Skipping any pictures, repeat exactly and only the lines from the one that holds "5: General Exterior Soiled Light" to the last line of the material, both included.

····················

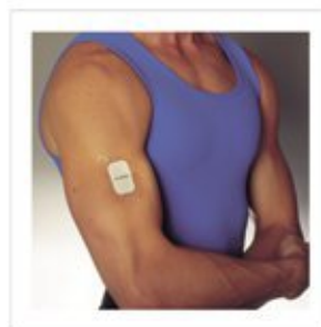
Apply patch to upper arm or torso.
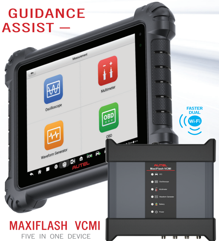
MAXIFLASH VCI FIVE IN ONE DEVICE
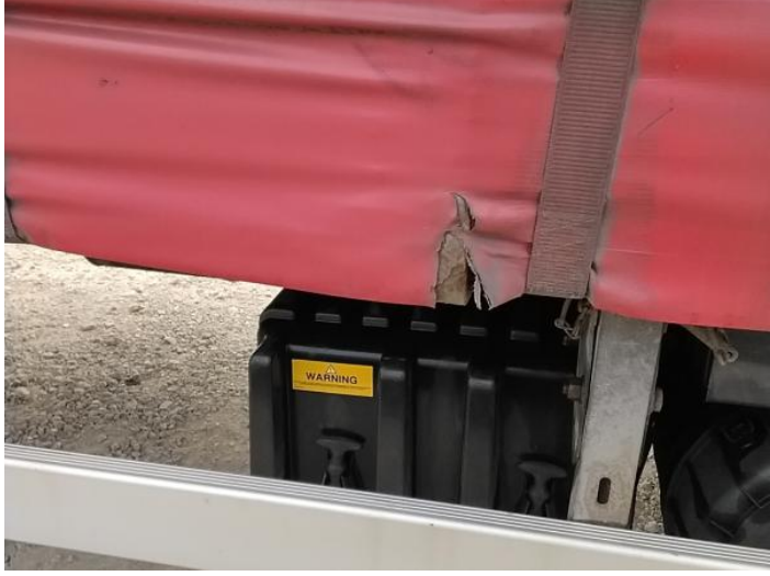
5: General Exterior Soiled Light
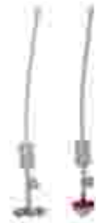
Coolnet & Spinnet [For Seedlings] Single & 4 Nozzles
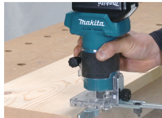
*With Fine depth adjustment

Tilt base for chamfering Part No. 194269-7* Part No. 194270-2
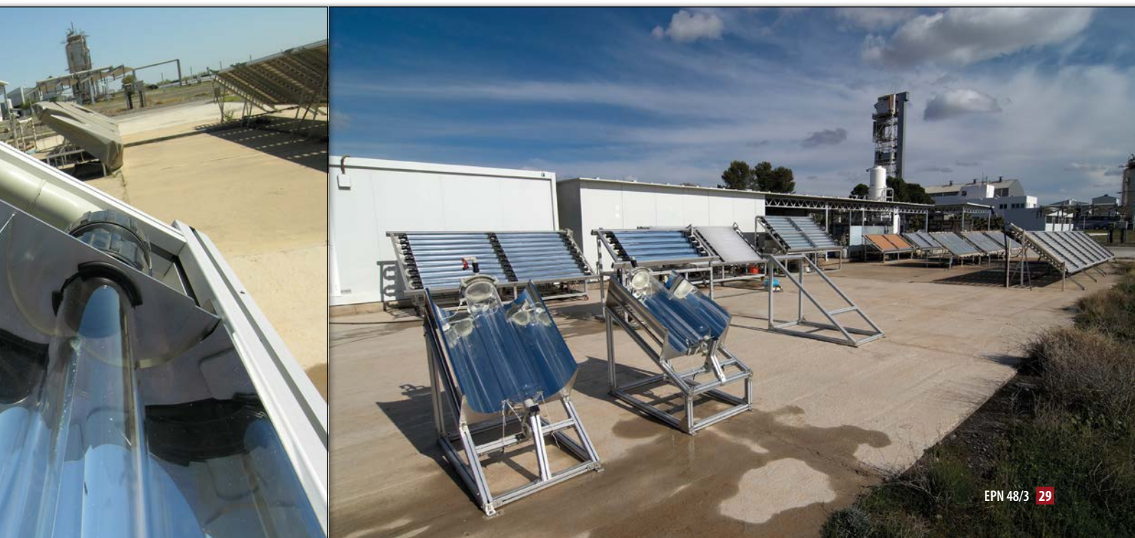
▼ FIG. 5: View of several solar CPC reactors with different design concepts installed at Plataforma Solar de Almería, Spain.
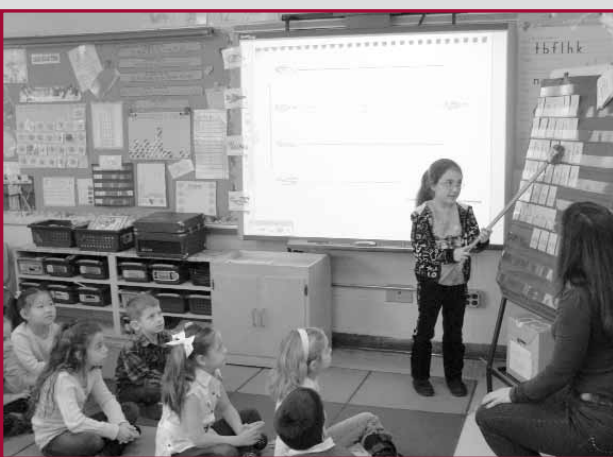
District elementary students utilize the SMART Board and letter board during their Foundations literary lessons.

····················

#### ANSWER BOX
5: General Exterior Soiled Light
Coolnet & Spinnet [For Seedlings] Single & 4 Nozzles
*With Fine depth adjustment

Tilt base for chamfering Part No. 194269-7* Part No. 194270-2
▼ FIG. 5: View of several solar CPC reactors with different design concepts installed at Plataforma Solar de Almería, Spain.
District elementary students utilize the SMART Board and letter board during their Foundations literary lessons.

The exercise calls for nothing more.